# Mig Wire Spool Tangle



## JohnAspinall (May 23, 2015)

I'm wondering if anyone can figure out what the problem here is.  Nearing the end of a 2lb spool of 0.030" steel wire in my (Miller 211) welder, and the wire is hanging up on the spool.  A closer look shows that the loop of wire that is one turn away from coming off the spool has trapped the outgoing wire underneath it.  Pic should make it clearer.


When I clear the problem, it happens again a few turns later.

At first I thought this was too little tension on the spool, letting it unwind too much and creating loose loops.  But cranking the tension up didn't do much.  I also backed off the tension, which didn't do much either until the whole spool was starting to unwind which was clearly bad.

So, suggestions?


----------



## Ken_Shea (May 23, 2015)

John,
No familiar with the Miller 211, does it have a feed tension on the wire it'self or just on the spool of wire?
Seems that it may be hanging up as it goes through the liner creating a small loop then feed continues but now wire tightens on the crossed loop. Presume the tip is clean.


----------



## JimDawson (May 23, 2015)

Normally I would say that's a tension issue, but you have already addressed that.  If possible have somebody watch it while you're welding, or just stand there feed wire until it fails again and see what is causing it.


----------



## Franko (May 23, 2015)

I looks like there is an overlap that's made a knot. If that's the case, you'd need to pull the spool off the spindle or pull the wire out of the liner and drive wheels to untie it. I can't think of a way a knot could be made while the spool was rolled, but it could have happend if you took the spool off recently and and somehow the tag end was threaded under a loop when you reinstalled it.


----------



## JohnAspinall (May 24, 2015)

Good questions:



Franko said:


> I looks like there is an overlap that's made a knot. ...



It's like a slip knot, where the outgoing wire tucks under the next loop, then comes out again the same side.  I've had the spool off completely to make sure the wire started out wound properly.



Ken_Shea said:


> No familiar with the Miller 211, does it have a feed tension on the wire itself or just on the spool of wire?

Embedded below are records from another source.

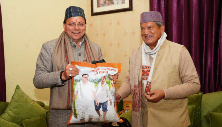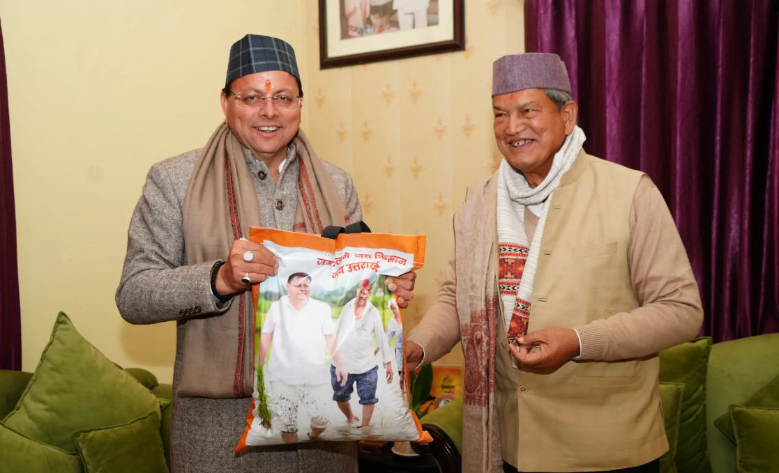 मुख्यमंत्री धामी ने हरीश रावत को भेंट किया अपने खेत का चावल
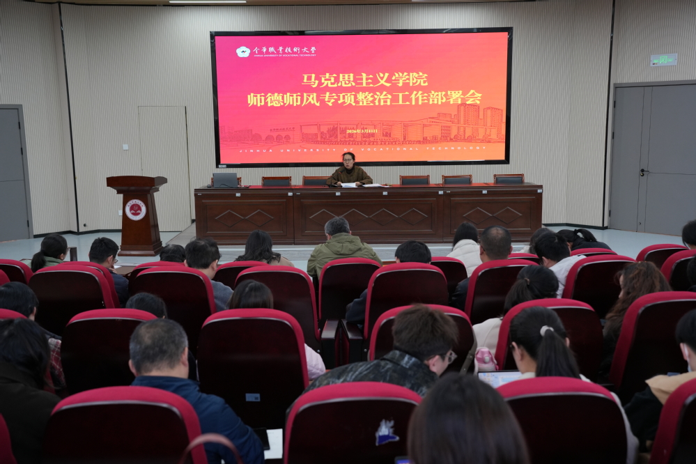 会议指出,师德师风建设是一项长期坚持、常抓不懈的重要工作,也是学院治理与内涵发展的关键环节。全体教职工要始终坚守廉洁从教、规范执教底线,自觉涵养高尚师德,做到修身立德、潜心治学、精心育人,展现新时代教师良好风貌。一是要提高政治站位,深刻认识师德师风专项整治的重要性和必要性,统一思想,凝聚共识,切实增强做好师德师风建设的紧迫感和责任感;二是要聚焦问题导向,深入查摆师德师风方面存在的薄弱环节与突出问题,以专项整治为抓手,推动师德养成覆盖全员、贯穿全过程、融入全方位;三是要压实工作责任,推动师德师风建设规范化、常态化,层层传导压力、狠抓任务落实,确保师德师风专项整治走深走实、见到实效。
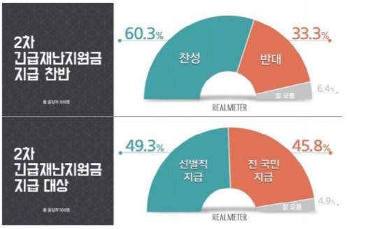 우선적으로 2차 긴급재난지원금을 지급하는데는 전반적으로 동의 하지만, 선별 지급에는 대립의견이 있었습니다.
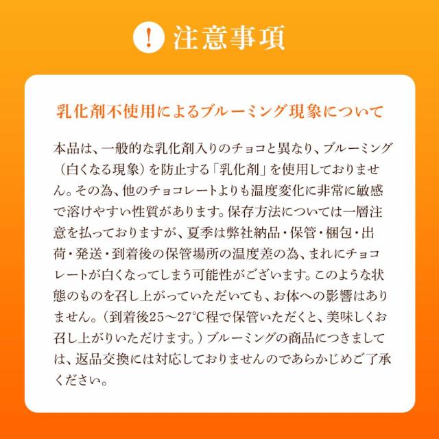 本品は、一般的な乳化剤入りのチョコと異なり、ブルーミング(白くなる現象)を防止する「乳化剤」を使用しておりません。その為、他のチョコレートよりも温度変化に非常に敏感で溶けやすい性質があります。保存方法については一層注意を払っておりますが、夏季は弊社納品・保管・梱包・出荷・発送・到着後の保管場所の温度差の為、まれにチョコレートが白くなってしまう可能性がございます。このような状態のものを召し上がっていただいても、お体への影響はありません。(到着後25〜27℃程で保管いただくと、美味しくお召し上がりいただけます。)ブルーミングの商品につきましては、返品交換には対応しておりませんのであらかじめご了承ください。
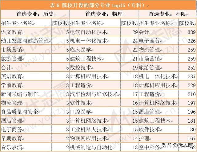 表6为专科院校开设较多的部分专业,要求首选物理和历史的情况和本科大致相同,但首选科目不限时,部分专科院校会开设软件技术、计算机网络技术等专业,即可能有首选科目为历史的学生选择此类专业就读,在没有系统学习过理科知识的情况下,选择此类专业对学生而言也是不小的挑战,也可能有更大的收获。
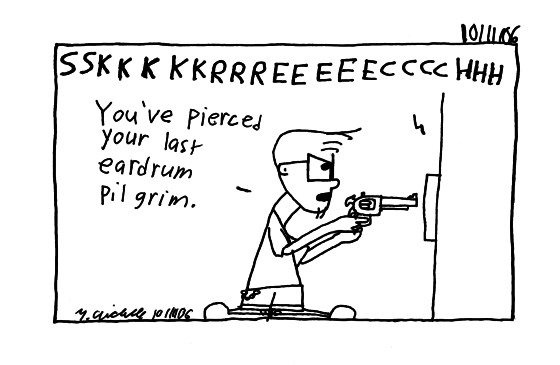 Yea every once in awhile the library's somewhat tranquil air is shattered by some sort off loud noise (not coming from me). The most annoying is the screech I portray in the comic. Cause we can't turn it off and the high pitchness gets under my skin. BAH!!!

Just a spring loaded nut squeezing the spool.



Ken_Shea said:


> Seems that it may be hanging up as it goes through the liner creating a small loop then feed continues but now wire tightens on the crossed loop. Presume the tip is clean.



Yes, that was kind of my model of what was happening.  But the spool is "upstream" of the drive rollers, and liner is "downstream".  I can't figure out how a disturbance downstream in the liner could be felt at the spool.  Making a birds nest at the entry to the liner would be more likely, I'd think.

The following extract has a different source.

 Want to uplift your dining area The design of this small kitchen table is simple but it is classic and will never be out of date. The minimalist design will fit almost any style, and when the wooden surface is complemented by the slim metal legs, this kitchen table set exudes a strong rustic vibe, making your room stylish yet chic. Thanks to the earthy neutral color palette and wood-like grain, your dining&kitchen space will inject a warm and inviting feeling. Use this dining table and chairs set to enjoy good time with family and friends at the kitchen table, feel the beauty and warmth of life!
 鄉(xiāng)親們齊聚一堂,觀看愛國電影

Yes, I tried it with a clean tip.

Thanks for the feedback, I'll keep experimenting.


----------



## Franko (May 24, 2015)

JohnAspinall said:


> Good questions:
> It's like a slip knot, where the outgoing wire tucks under the next loop, then comes out again the same side.  I've had the spool off completely to make sure the wire started out wound properly.

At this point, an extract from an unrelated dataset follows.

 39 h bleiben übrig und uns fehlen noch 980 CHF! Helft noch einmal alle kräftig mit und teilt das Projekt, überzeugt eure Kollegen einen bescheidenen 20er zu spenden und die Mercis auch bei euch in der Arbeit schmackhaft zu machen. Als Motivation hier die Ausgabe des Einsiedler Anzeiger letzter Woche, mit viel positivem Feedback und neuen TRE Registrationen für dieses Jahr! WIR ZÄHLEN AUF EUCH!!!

The slip knot couldn't have happened while it was spooled up. It had to have happened when you changed the wire. The only way to untie the knot is to pull the tag end of the wire out of the stinger and feed roll and untie it. Or, you can remove the spool and untie it.


----------



## turnitupper (May 25, 2015)

This exact thing has happened to me when changing spools. You snip off the wire blob at the torch, release the rollers and wind back the spool thinking that you can grab the wire as it leaves the liner because you don't want to put your filthy hands on the shiny spool. As you see the end of the wire emerging you have just enough time to see the first layer of wire turn onto something ALIVE. This is the time to slap your dirty paw over the spool to kill it. A clean piece if material held on the roll remedies this and negates the need for ungodly adjectives. Rewinding the spool is when you get your wires crossed.
John


----------



## RJSakowski (May 25, 2015)

Franko said:


> The slip knot couldn't have happened while it was spooled up. It had to have happened when you changed the wire. The only way to untie the knot is to pull the tag end of the wire out of the stinger and feed roll and untie it. Or, you can remove the spool and untie it.



A single half hitch knot cannot happen if both ends of the wire are contained.  However, two half hitches in opposite directions can.  Think of the way your bandsaw blades are coiled; they are a closed loop and you can't tie a half hitch in one but the coils definitely overlap.  

Such an occurrence can happen if the wire is momentarily loosened.  As the spool diameter decreases, the torque created on the spool by the roller drive decreases but the torque applied by the drag on the spool spindle remains constant.  This in effect reduces the tension on the wire allowing it to unspool and windings to cross, creating the knot. Additionally, as the diameter of the spool decreases, the force created by the coiled wire trying to unwind increases, adding to the effect.  A slight increase in the friction caused by bending the torch cable or by the wire sticking in the tip or hitting the work would be enough to momentarily upset the balance of forces and create the knot.

I would try increasing the tension on the rollers and on the spool. 

In more than sixty years of dealing with auto-tied knots, I am convinced that rope, fishing line, string, cable, and wire were the first sentient entities in the universe.


----------